**The data**
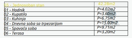 Struktura stana: hodnik, dnevni boravak sa trpezarijom, kuhinja, spavaća soba, kupatilo i terasa.
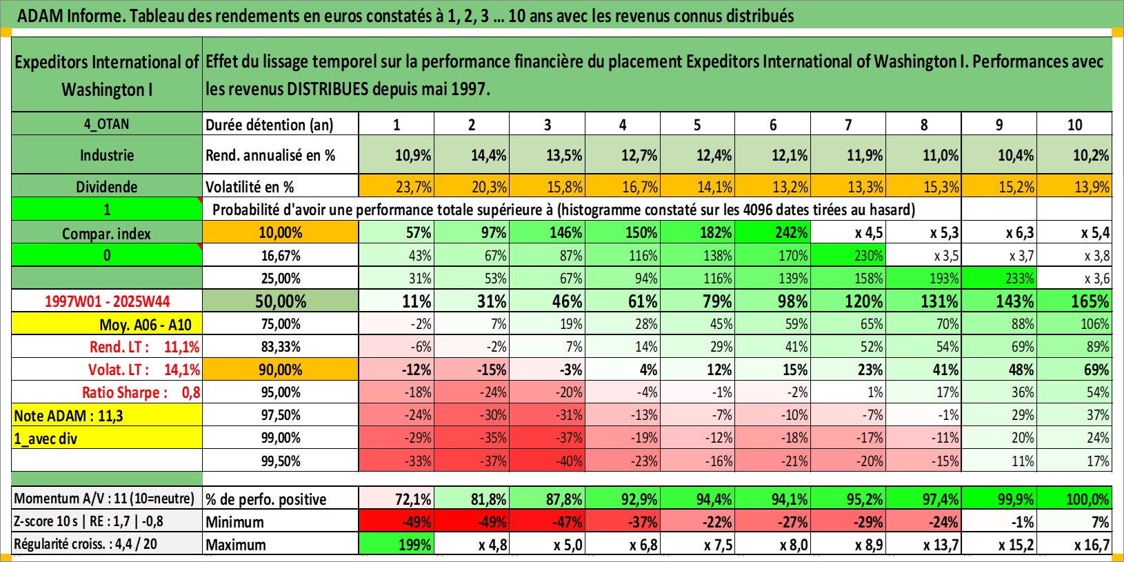 Site dédié aux investisseursPage dédiée sur site financeAnalyse des valorisations hebdomadaires de l'action Expeditors International of Washington I. Cet actif est cote en USD. Les valorisations sont en contrevaleur EURO et couvrent les semaines 1997W01 a 2025W44. Les revenus de cet actif financier sont pris en compte depuis la semaine 1997W22. La note globale ESG de cet actif est estimee a 13.0 (apres rebasage entre 0 et 20).
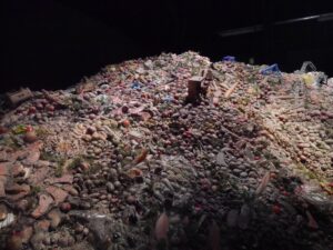 • Une autre installation, l’Homme de Maïs, est consacrée à la plante la plus cultivée au monde. On y explore la nourriture industrielle qui utilise très fréquemment cette céréale, notamment en identifiant sur les étiquettes les noms derrière lesquels elle se cache, et on en apprend plus sur ses origines et les pays qui la cultivent actuellement. La production alimentaire de petite échelle se mobilise désormais contre ce géant, porte-drapeau de l’agriculture industrielle, omniprésent dans les rayons de la grande distribution.
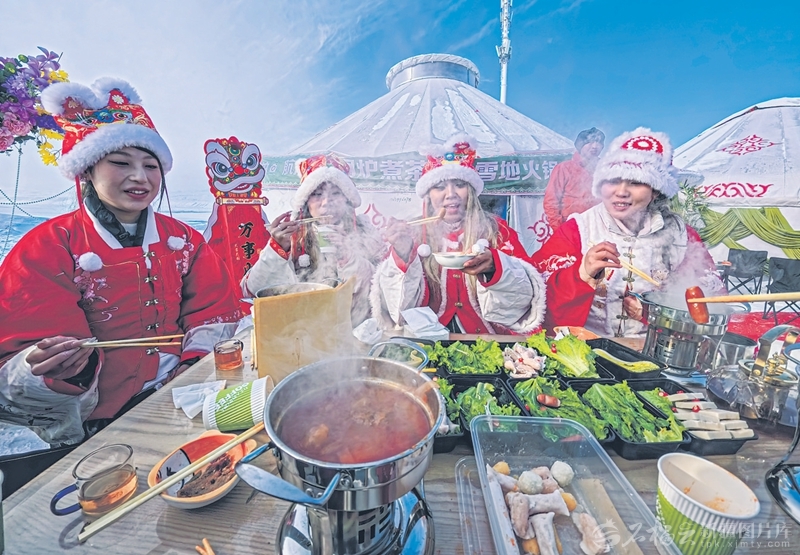 游客在昌吉市努尔加国际滑雪场品尝火锅(2025年12月20日摄)。陶维明摄

**Prompt**
Begin at the line that contains "Site dédié aux" and transcribe every line through the end of the listing, exactly as written. Omit the pictures.

**Result**
 Site dédié aux investisseursPage dédiée sur site financeAnalyse des valorisations hebdomadaires de l'action Expeditors International of Washington I. Cet actif est cote en USD. Les valorisations sont en contrevaleur EURO et couvrent les semaines 1997W01 a 2025W44. Les revenus de cet actif financier sont pris en compte depuis la semaine 1997W22. La note globale ESG de cet actif est estimee a 13.0 (apres rebasage entre 0 et 20).
 • Une autre installation, l’Homme de Maïs, est consacrée à la plante la plus cultivée au monde. On y explore la nourriture industrielle qui utilise très fréquemment cette céréale, notamment en identifiant sur les étiquettes les noms derrière lesquels elle se cache, et on en apprend plus sur ses origines et les pays qui la cultivent actuellement. La production alimentaire de petite échelle se mobilise désormais contre ce géant, porte-drapeau de l’agriculture industrielle, omniprésent dans les rayons de la grande distribution.
 游客在昌吉市努尔加国际滑雪场品尝火锅(2025年12月20日摄)。陶维明摄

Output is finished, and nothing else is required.